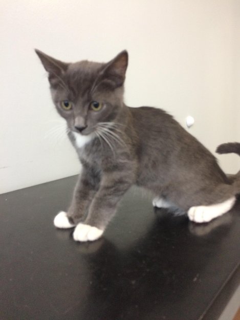 grå med hvite labber og litt hvit på bryst og under magen. veldig kosete
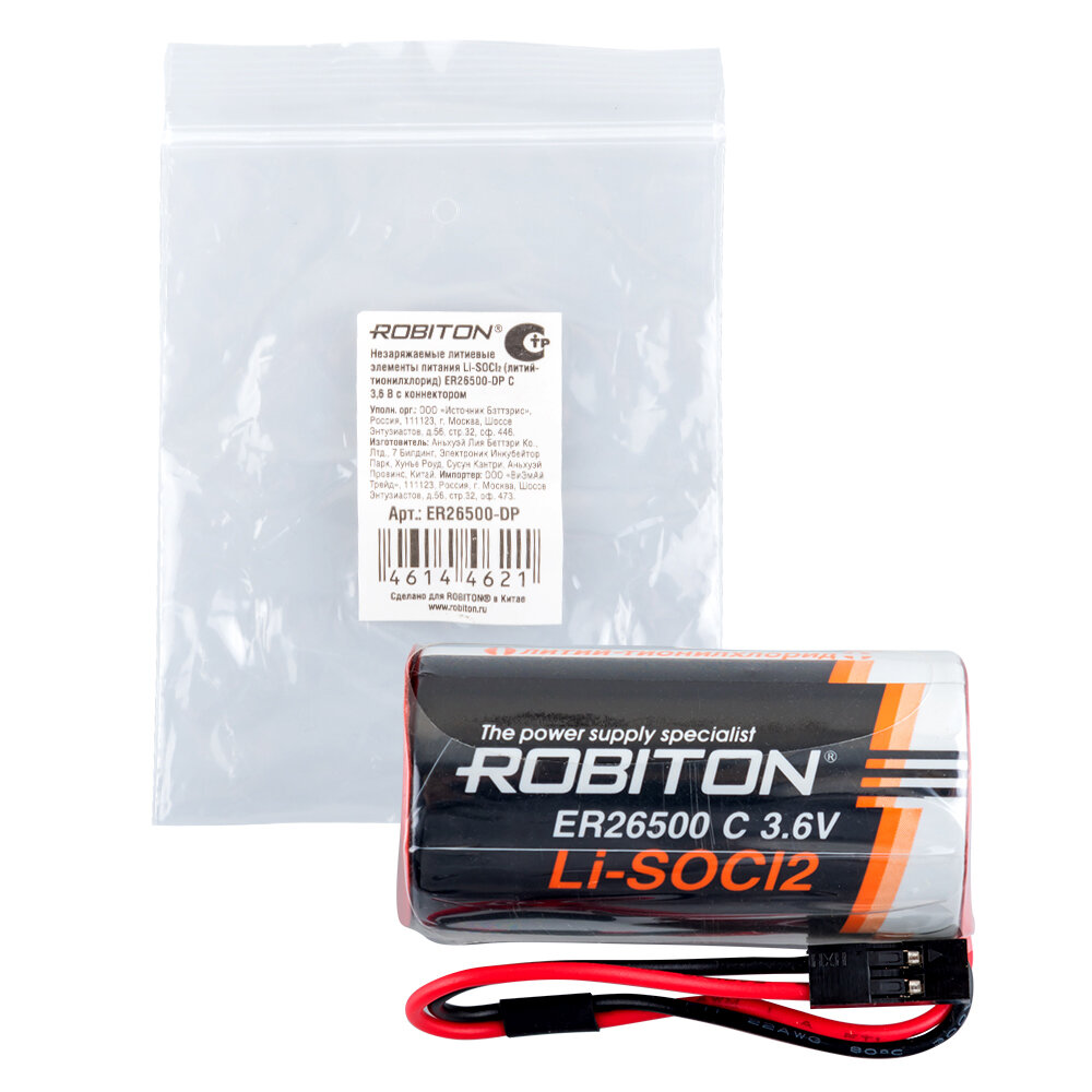 Батарейка ROBITON ER 26500-DP Lithium, 3.6 В, C (R14), 9000 мАч с коннектором
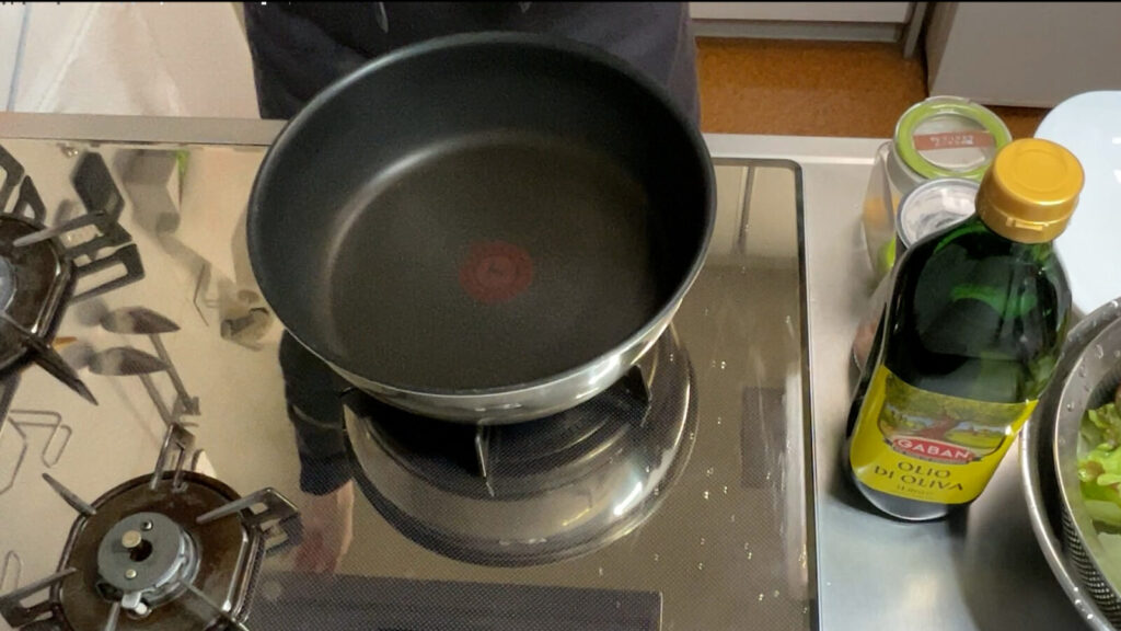 オリーブオイルと一緒に炒めて、鶏ガラスープと塩で味つけ。

= WORK TO BE COMPLETED =
From the line containing "Батарейка ROBITON ER" through the final line of the listing, copy every line exactly and nothing else. Skip the pictures.

= EXERCISE RESPONSE =
 Батарейка ROBITON ER 26500-DP Lithium, 3.6 В, C (R14), 9000 мАч с коннектором
 オリーブオイルと一緒に炒めて、鶏ガラスープと塩で味つけ。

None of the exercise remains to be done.